L'intelligenza di Ceylan risiede anche nella sua profonda comprensione del contesto socio-culturale turco, che viene sussurrato, mai urlato. La dinamica tra Mahmut e Yusuf è anche il racconto della grande migrazione interna, dello scontro tra la Turchia rurale, ancorata a valori tradizionali, e quella urbana, secolarizzata e intellettuale, che guarda all'Europa ma si sente orfana di radici. Mahmut incarna l'intellettuale post-moderno che ha barattato la passione con l'ironia, l'impegno con un'estetica contemplativa e sterile. Yusuf è il residuo di un mondo pre-moderno, la cui innocenza è destinata a essere corrosa e infine espulsa dal cinismo metropolitano. Ma Ceylan è troppo fine per ridurre il tutto a una semplice dicotomia. Entrambi sono falliti, entrambi sono paralizzati. Sono due facce della stessa medaglia, due esiliati nella propria terra e nella propria vita. Condividono una mascolinità fragile, incapace di articolare il dolore se non attraverso la rabbia repressa o una malinconia catatonica, una condizione che ricorda le atmosfere sospese e la disperazione silenziosa di certi racconti di Čechov, maestro indiscusso del regista.

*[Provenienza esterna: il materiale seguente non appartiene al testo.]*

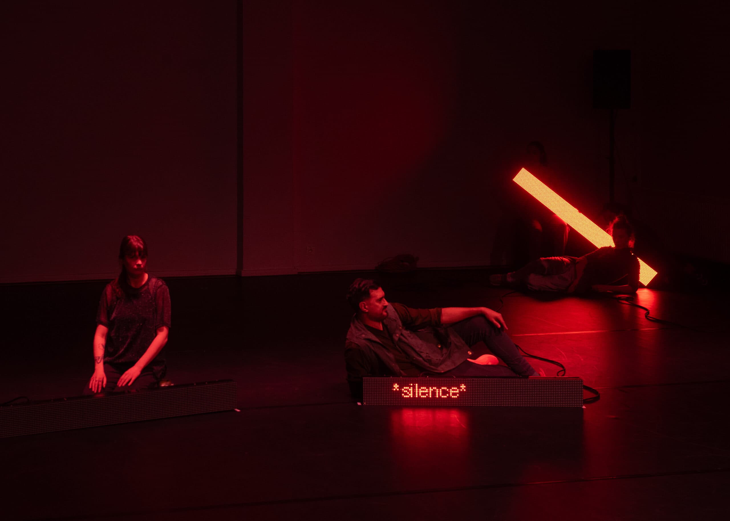 The LED-signs, usually encountered in public spaces as low-key advertisement signs, become means to explore how language keeps inscribing in our bodies. Navigating between kebab stand ads, tourism slogans and visa questionnaires the dancers, who themselves carry experiences of migration between countries, interact with the text scrolling on the LED panels.

E poi c'è quella scena, quella che eleva Uzak a un livello meta-testuale vertiginoso. Mahmut, solo sul suo divano, guarda Stalker. Sullo schermo, i personaggi di Tarkovskij attraversano la Zona in cerca di una stanza che esaudisca i desideri più intimi. È una sequenza che funge da specchio deformante. Mahmut è l'antitesi dello Stalker: è un uomo che ha smesso di cercare, un artista che contempla una ricerca spirituale altrui come mero intrattenimento serale. Ha la cultura per apprezzare Tarkovskij, ma non la forza per intraprendere un viaggio simile nel proprio deserto interiore. La sua arte, la fotografia, non è più un mezzo per catturare la verità, ma un alibi per mantenere una distanza di sicurezza dal mondo. In quel momento, Ceylan non sta solo omaggiando un maestro, sta diagnosticando la malattia del suo protagonista e, per estensione, di un'intera classe intellettuale: la paralisi dell'analisi, l'incapacità di trasformare la contemplazione in azione.

Visivamente, il film è una composizione di quadri che potrebbero essere firmati da Edward Hopper o dal pittore danese Vilhelm Hammershøi. Le lunghe inquadrature fisse, la luce invernale che filtra dalle finestre, i personaggi spesso ripresi di spalle o isolati ai margini del fotogramma, tutto contribuisce a creare un'atmosfera di attesa per qualcosa che non accadrà mai. La performance dei due attori non professionisti (e cugini anche nella vita reale, un dettaglio che aggiunge un ulteriore strato di struggente autenticità) è un miracolo di naturalismo. Muzaffer Özdemir dona a Mahmut una stanchezza fisica e morale che si sente nelle ossa, mentre Mehmet Emin Toprak (tragicamente scomparso in un incidente d'auto poco dopo aver vinto il premio come miglior attore a Cannes, ex aequo con il collega) incarna con il suo sguardo perduto tutta la disillusione di un'intera generazione.

Il finale è di una perfezione spietata. Yusuf se n'è andato, lasciando dietro di sé solo il pacchetto di sigarette che Mahmut gli aveva sgarbatamente rifiutato. Mahmut, solo su una panchina di fronte al mare, se ne accende una. Il suo volto è una maschera imperscrutabile. Nulla è cambiato, nulla si è risolto. La distanza del titolo ("Uzak" significa "distante" in turco) non è stata colmata, si è semplicemente riconfigurata. Non è la distanza fisica tra due luoghi, ma quella incolmabile tra due anime, la voragine che si apre quando la comunicazione fallisce e la speranza si spegne. Uzak è un'opera-sismografo che registra le scosse più impercettibili dell'anima contemporanea, un poema visivo sulla solitudine che rimane impresso nella retina e nel cuore, freddo e indelebile come l'inverno di Istanbul.